2. "No Strings Attached"

Sometimes there are those moments when you want to have sex, but you don't have that much time on your hands so you have to fit in a quick session before work in the morning, in between classes, or right before the kids come back home. Though Natalie Portman's "O" face is spot on, the main thing that makes her quickie with Ashton Kutcher's unrealistic is that she still manages to climax after 45 seconds without any kind of foreplay, lube, or toys involved. The female orgasm is still possible during a quickie, but in real life, there will still have to be creative measures involved so that enough stimulation outside of penetration is involved to get her warmed up.

3. "Fifty Shades of Grey"

As much as I enjoyed the playfulness behind Ana and Christian dipping ice cream on each other's bodies and licking it off each other, I couldn't help but roll my eyes at how over exaggerated it became. Yes, I understand that when something feels good, a moan or some type of vocalization will happen, but getting some kisses and licks on your thighs isn't going to have you arching your back like a demon going through an exorcism.

4. "Mr. & Mrs. Smith"

Brad Pitt and Angelina Jolie's chemistry and passion in this scene is undeniable and it almost makes you want to start a fight with your partner just so you two can have some hot, angry sex just like them. Here's the problem though. They go from nearly killing each other to being boo'ed up like nothing happened. While angry sex can be a way for some couples to express emotions through adrenaline, it isn't the answer to our problems and shouldn't be a substitute for healthy communication.

5. "Titantic"

The moment in the movie when Kate Winslet's hand slams against the door of the car and drifts down as we stare at her steamy handprint and secretly wish we were sleeping with Leonardo DiCaprio will always be a classic. However, this scene is still a scam for those who hope car sex is as passionate and heartfelt as that. Truth be told, there's limited space to feel comfortable so leg cramps are inevitable and sliding against leather feels awful on your skin.
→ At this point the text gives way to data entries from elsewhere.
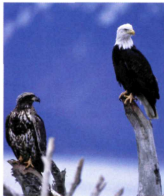
Juvenile and adult Bald eagles (above)

Cottonwood and willow leaves turn brilliant yellow in autumn. Marsh plants begin to change color as well, creating a mosaic of yellows, tans, and reds. In a reversal of spring, large numbers of ducks, shorebirds and songbirds migrate south, stopping to rest and refuel. Lizards, snakes and tortoises become less active due to cooler temperatures. Mule deer begin breeding, and mature bucks with large antlers can be observed.
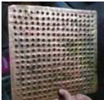
Fig. 7. A metal plate that functions as a filter for night dirt (wax) that has been heated in a pan or pan. The size of the slab is adjusted to the diameter of the pan or pan.
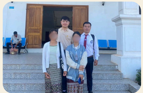
LDP and victims at the courthouse.
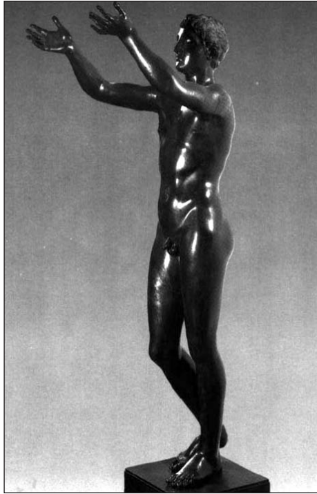
'Adorans' by Boidas, Berlin

funeral reliefs adoring gestures are used to express welcome to a god or the deceased, to indicate social status by marking someone out of the multitude, and to suggest the gesture of offering. 11 Apparently, Virgil describes Anchises' posture in terms of the orans type statues to invest the gesture with ambiguity: a gesture of welcome to a god or to the deceased.
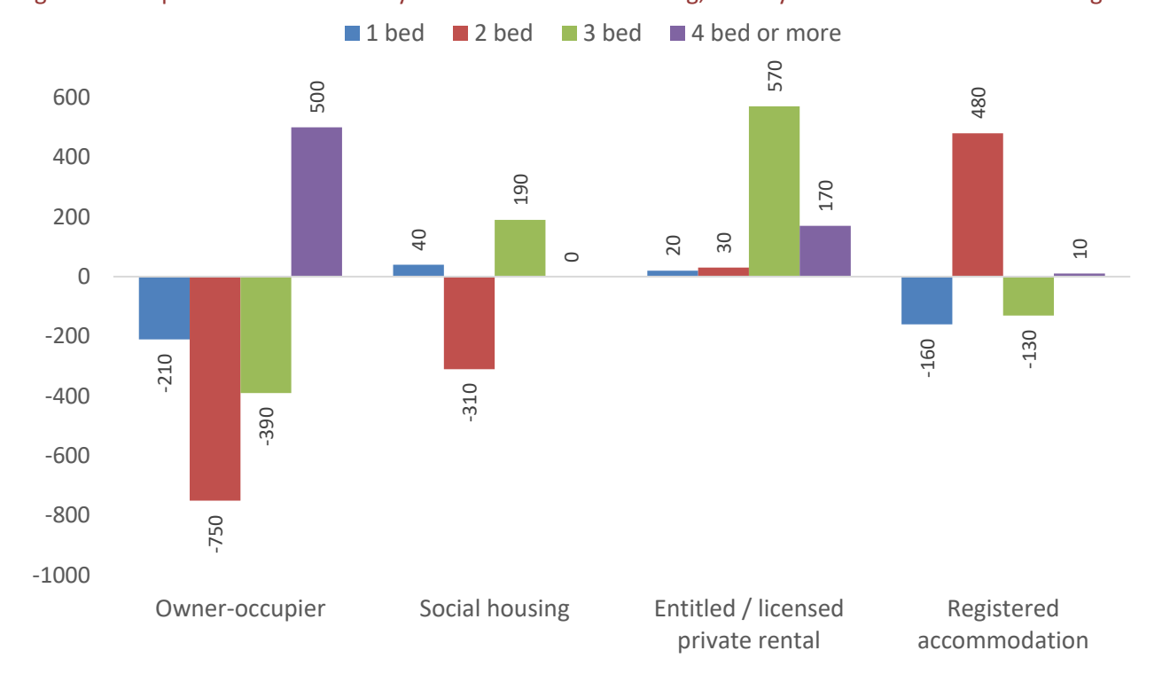
Figure 3 – Surpluses and shortfalls by tenure and size of dwelling; three-year totals under +325 net migration

Under a +500 person per annum net migration scenario:
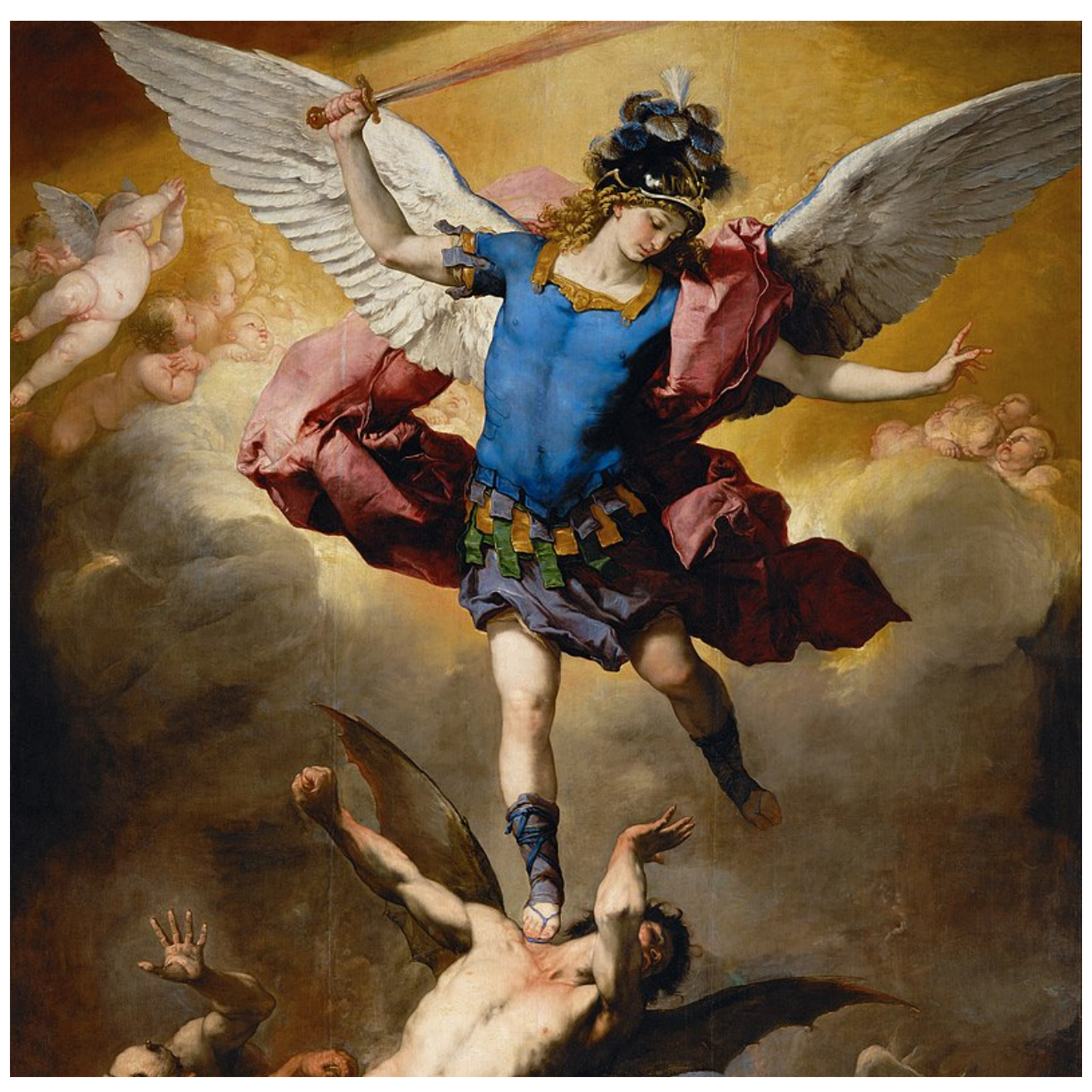
The Fall of the Rebel Angels, Luca Giordano

To top things off, if you aren't careful enough, you may get caught by the police and ultimately have to register as a sex offender depending on your state's laws.

I truly hope for the day that sex in the media is represented in more of a realistic way, but until then, we just have to remember to take movies for what they are. Acting. There's a lot of time, scripts, makeup, and lights that are involved in these scenes that make them what they are, unlike the sex that happens in real life. As a matter of fact, sometimes sex isn't romantic. Sometimes it's not a fairy tale. There are times when it can be mind-blowing and other times when it's awkward, funny, or simply not what we expect. Do I appreciate fictional sex? Of course. But mainstream entertainment should also take the time to show us more than the sex we supposedly fantasize about and also show us sex that we can look at and see ourselves.